Los estertores de la monarquía
Los últimos días del verano de 1789 encontraron al Antiguo Régimen francés en sus últimos estertores. Con una rapidez asombrosa, el Tercer Estado (los plebeyos) había arrebatado la autoridad al rey Luis XVI, formando una Asamblea Nacional a partir de los Estados Generales de 1789 con el fin de dotar a Francia de una nueva constitución. Desde entonces, el asalto a la Bastilla había puesto aún más poder en manos de los revolucionarios, que lo habían utilizado para abolir primero el feudalismo y los privilegios de las clases altas con los Decretos de agosto, antes de reconocer los derechos naturales del hombre con la Declaración de los Derechos del Hombre y del Ciudadano. Mientras trabajaba en la constitución, la Asamblea siguió desmantelando los pilares fundamentales de la monarquía francesa en la ciudad real de Versalles. Lo que había sido el patio de recreo absolutista del Rey Sol Luis XIV de Francia (que reinó de 1643 a 1715) era ahora el epicentro de la Revolución.

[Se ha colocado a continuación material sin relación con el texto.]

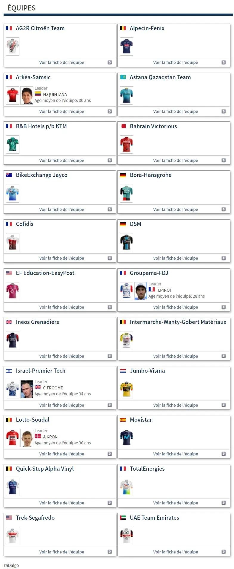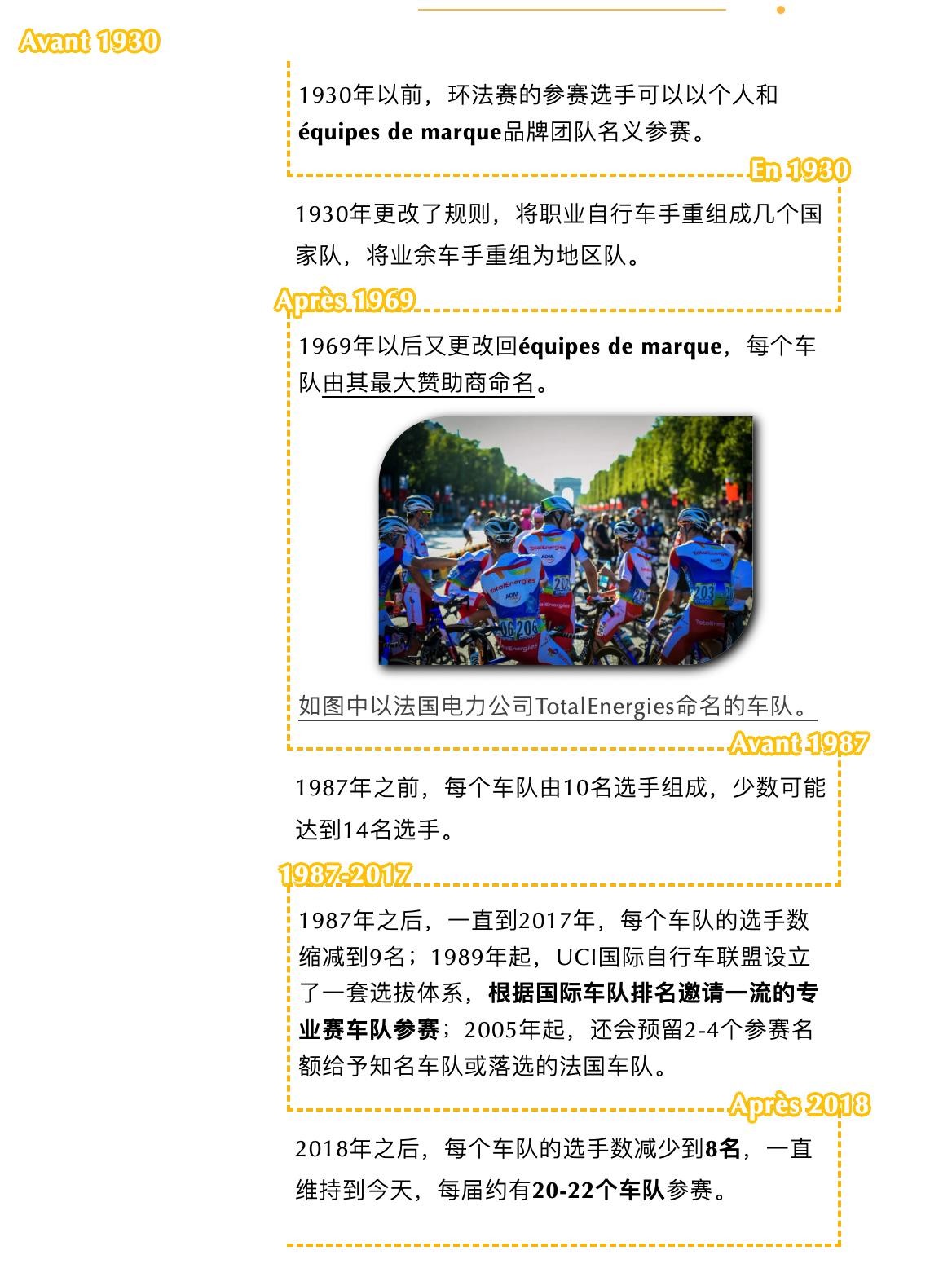 很早之前,团队排名第一的车队的所有选手会戴上黄色帽子,后来因为戴头盔成为了硬性要求,这种用来标识排名第一车队的黄色帽子就取消了;2006年开始,排名第一的车队统一佩戴黄色号码布,该队的领骑者还可以戴上黄色头盔。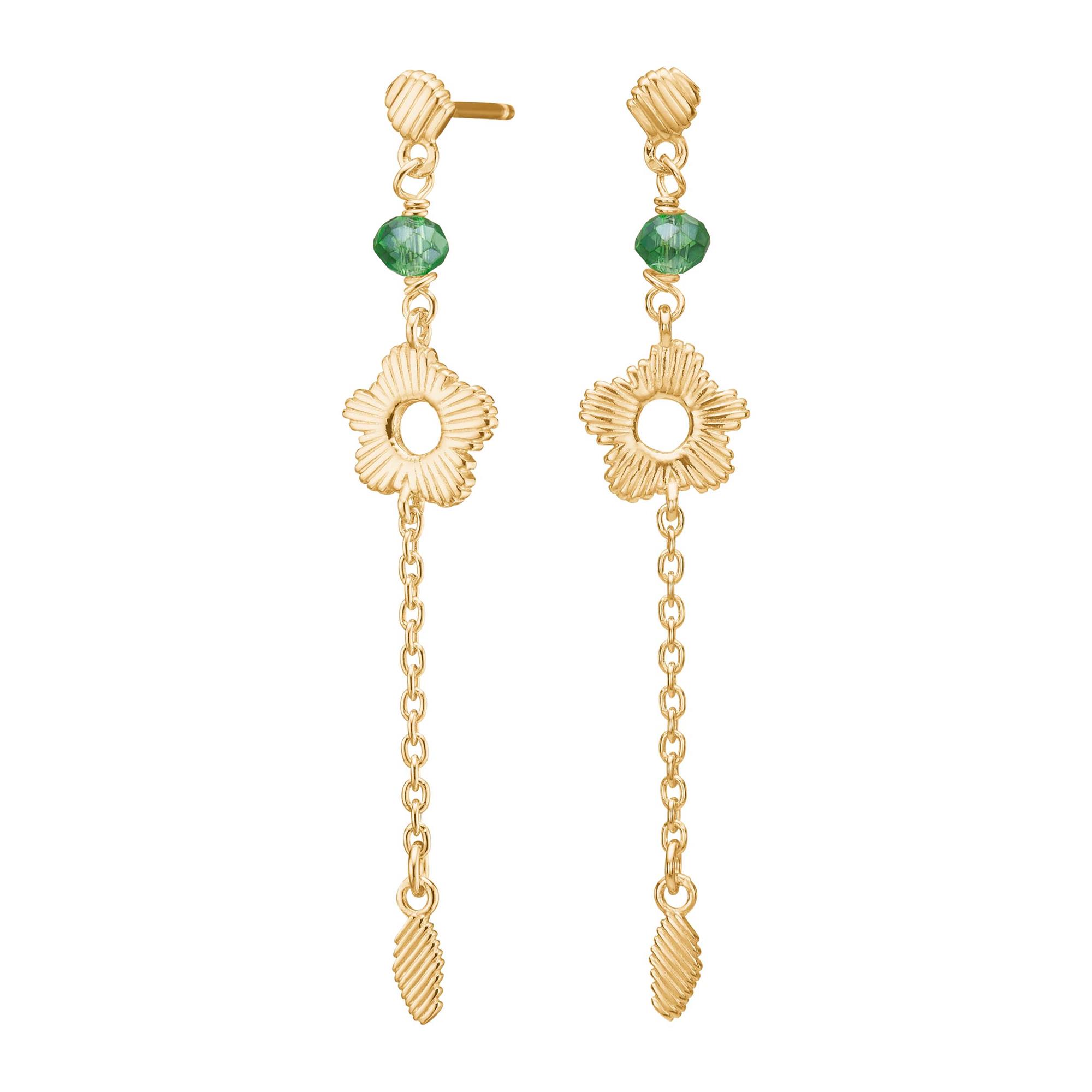 Forgyldt sølv ørehængere grøn blomst BRODERIE52, von Nordahl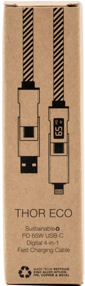 De BrandCharger Thor Eco 4-in-1 kabel biedt snelle en hoogwaardige oplaadprestaties met een duurzaam karakter. Gemaakt van stevig gerecycled nylon en 120?cm lang, ondersteunt deze kabel meerdere aansluitingen: input via USB-C en USB-A, en output naar USB-C en Lightning. Ontworpen voor efficiëntie, levert de kabel tot 65?W bij USB-C naar USB-C, 27?W bij USB-C naar Lightning, 27?W bij USB-A naar USB-C en 12?W bij USB-A naar Lightning. Ondersteunt USB 2.0 gegevensoverdracht. De Thor Eco combineert milieuvriendelijke materialen, veelzijdigheid en krachtige prestaties in één essentiële oplaadoplossing.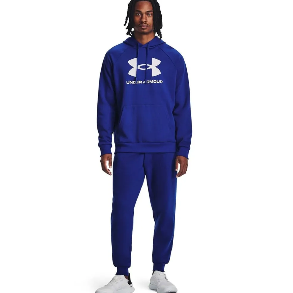 Keep things casual with the Under Armour Rival Tracksuit Bottoms. Crafted with an elasticated waistband and external drawstring tie, these bottoms offer a super secure and comfortable fit. Design is complete with a brushed fleecy lining, tapered leg with elasticated ankle cuffs, two open side pockets and a rear snap fastening pockets.

Aunque definitivamente no era la persona indicada para el papel de monarca absoluto, Luis XVI estaba decidido a preservar la institución de todos modos. Se negó a consentir los Decretos de agosto y los Derechos del Hombre, que se convirtieron en un punto de discordia entre él y la Asamblea. Al mismo tiempo, Luis deseaba conservar el derecho de veto absoluto, que le permitiría tener la última palabra sobre cualquier política que la Asamblea quisiera aprobar. Esto fue apoyado por la facción monarchien (monárquica) dentro de la Asamblea, que creía que Francia necesitaba un rey fuerte con autoridad centralizada.
A esto se oponían los diputados antirrealistas. Algunos de ellos, como el todavía poco influyente Maximilien Robespierre (1758-1794), creían que el rey debía someterse a la voluntad del pueblo y, por tanto, no debía tener derecho de veto. Sin embargo, muchos diputados empezaron a expresar su apoyo a una tercera opción, el veto suspensivo, que permitiría al rey retrasar las acciones de la Asamblea durante un máximo de 2 asambleas legislativas o 4 años. El ministro principal de Luis, Jacques Necker (1732-1804), dio a entender que esto sería aceptable para el rey e incluso insinuó que este ratificaría los Decretos de agosto. La Asamblea, en su afán de llegar a un compromiso, votó el 11 de septiembre por 673-325 a favor del veto suspensivo.
Sin embargo, los que esperaban un compromiso se equivocaron. En sus comentarios oficiales sobre el tema, el rey, aunque aprobaba el espíritu general de los decretos, desaprobaba su contenido, como el desmantelamiento del feudalismo. Lejos de ratificar los documentos, a muchos les pareció que el rey pretendía utilizar su recién aprobado poder de veto contra ellos. Esto provocó una gran indignación. En uno de sus primeros discursos, Robespierre declaró lo siguiente:
La respuesta del rey atenta no solo contra cualquier Constitución, sino incluso contra cualquier derecho nacional a tener una Constitución. Cualquiera que pueda imponer una condición a la Constitución... coloca su voluntad por encima de los derechos de la nación. (Davidson, 44)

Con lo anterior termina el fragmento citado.